_Data below_
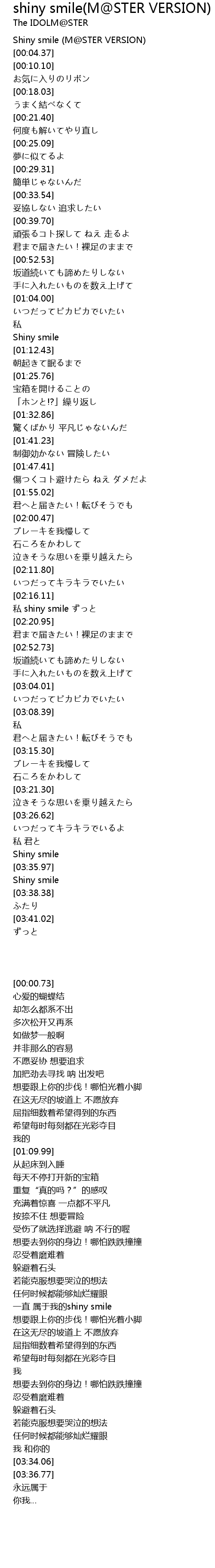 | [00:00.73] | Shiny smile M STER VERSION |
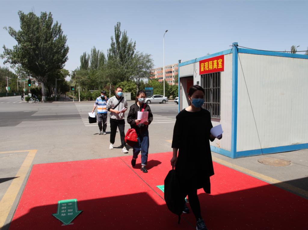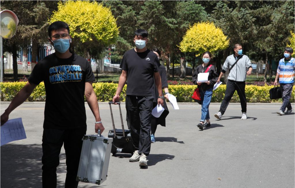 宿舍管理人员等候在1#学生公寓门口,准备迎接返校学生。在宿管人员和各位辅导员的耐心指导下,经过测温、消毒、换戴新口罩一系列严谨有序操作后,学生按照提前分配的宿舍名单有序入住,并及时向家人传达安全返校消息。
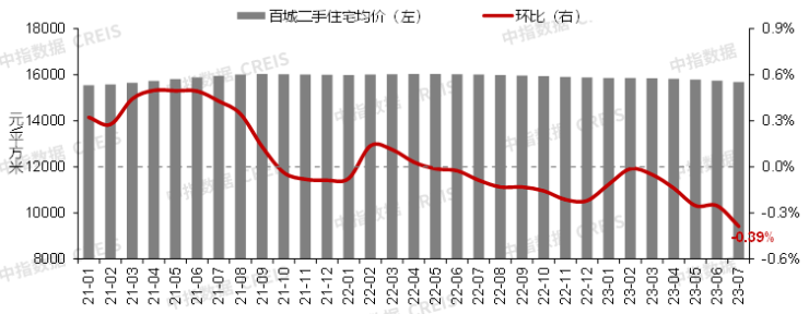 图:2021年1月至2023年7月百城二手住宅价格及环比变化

_Activity_
Retype the listing above exactly as it appears, omitting the pictures.

_Task answer_
 | [00:00.73] | Shiny smile M STER VERSION |
 宿舍管理人员等候在1#学生公寓门口,准备迎接返校学生。在宿管人员和各位辅导员的耐心指导下,经过测温、消毒、换戴新口罩一系列严谨有序操作后,学生按照提前分配的宿舍名单有序入住,并及时向家人传达安全返校消息。
 图:2021年1月至2023年7月百城二手住宅价格及环比变化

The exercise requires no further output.